## Your instructions
Omit every picture, then return the listing verbatim.

## Dataset extract
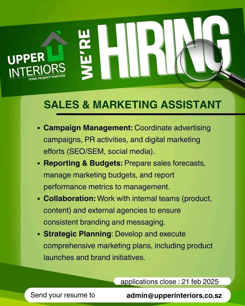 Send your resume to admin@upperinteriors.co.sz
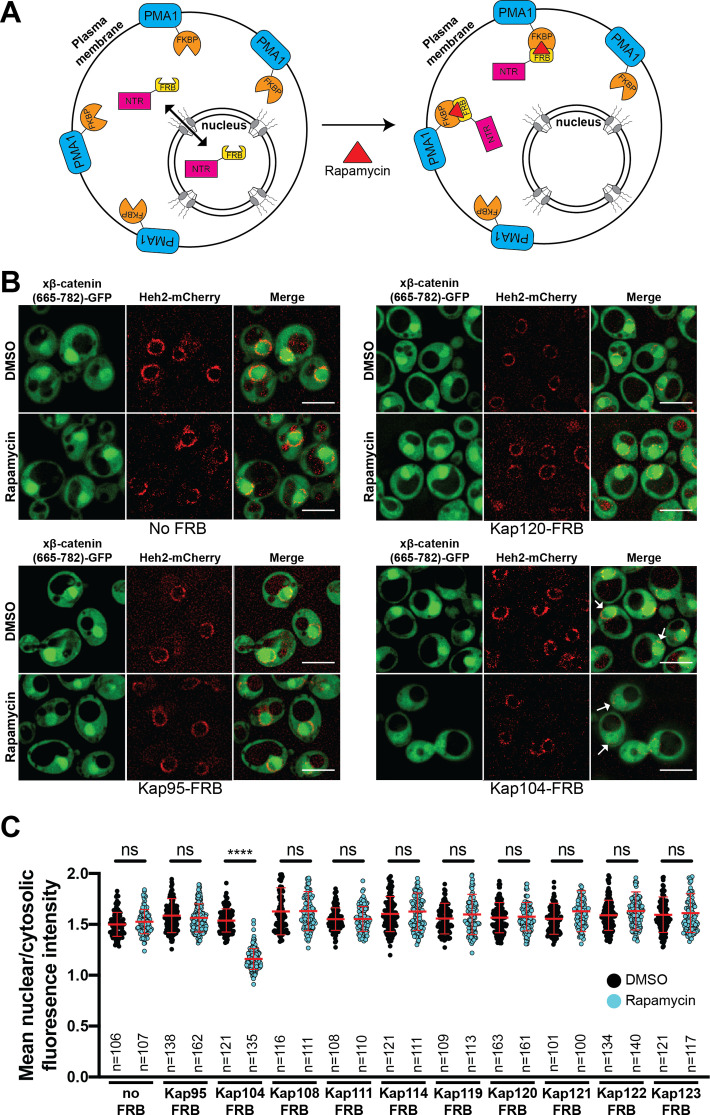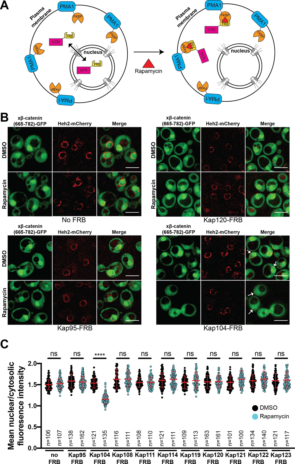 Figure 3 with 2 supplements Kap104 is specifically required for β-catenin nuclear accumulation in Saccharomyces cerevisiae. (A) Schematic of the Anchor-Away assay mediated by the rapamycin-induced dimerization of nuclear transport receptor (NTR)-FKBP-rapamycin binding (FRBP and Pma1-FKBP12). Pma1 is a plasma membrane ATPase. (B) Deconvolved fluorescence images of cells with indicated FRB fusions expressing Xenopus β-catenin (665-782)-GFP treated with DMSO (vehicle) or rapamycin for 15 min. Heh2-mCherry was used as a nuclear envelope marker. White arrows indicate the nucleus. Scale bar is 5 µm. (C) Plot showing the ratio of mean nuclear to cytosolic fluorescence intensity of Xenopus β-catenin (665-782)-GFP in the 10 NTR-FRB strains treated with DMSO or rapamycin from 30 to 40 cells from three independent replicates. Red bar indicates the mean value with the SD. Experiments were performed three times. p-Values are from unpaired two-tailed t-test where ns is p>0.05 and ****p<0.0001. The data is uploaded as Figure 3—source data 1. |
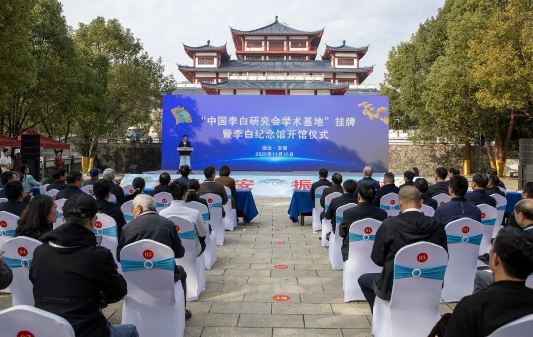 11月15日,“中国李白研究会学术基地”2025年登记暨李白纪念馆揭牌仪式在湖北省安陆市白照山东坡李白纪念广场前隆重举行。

## Solution to this task
 Send your resume to admin@upperinteriors.co.sz
 Figure 3 with 2 supplements Kap104 is specifically required for β-catenin nuclear accumulation in Saccharomyces cerevisiae. (A) Schematic of the Anchor-Away assay mediated by the rapamycin-induced dimerization of nuclear transport receptor (NTR)-FKBP-rapamycin binding (FRBP and Pma1-FKBP12). Pma1 is a plasma membrane ATPase. (B) Deconvolved fluorescence images of cells with indicated FRB fusions expressing Xenopus β-catenin (665-782)-GFP treated with DMSO (vehicle) or rapamycin for 15 min. Heh2-mCherry was used as a nuclear envelope marker. White arrows indicate the nucleus. Scale bar is 5 µm. (C) Plot showing the ratio of mean nuclear to cytosolic fluorescence intensity of Xenopus β-catenin (665-782)-GFP in the 10 NTR-FRB strains treated with DMSO or rapamycin from 30 to 40 cells from three independent replicates. Red bar indicates the mean value with the SD. Experiments were performed three times. p-Values are from unpaired two-tailed t-test where ns is p>0.05 and ****p<0.0001. The data is uploaded as Figure 3—source data 1. |
 11月15日,“中国李白研究会学术基地”2025年登记暨李白纪念馆揭牌仪式在湖北省安陆市白照山东坡李白纪念广场前隆重举行。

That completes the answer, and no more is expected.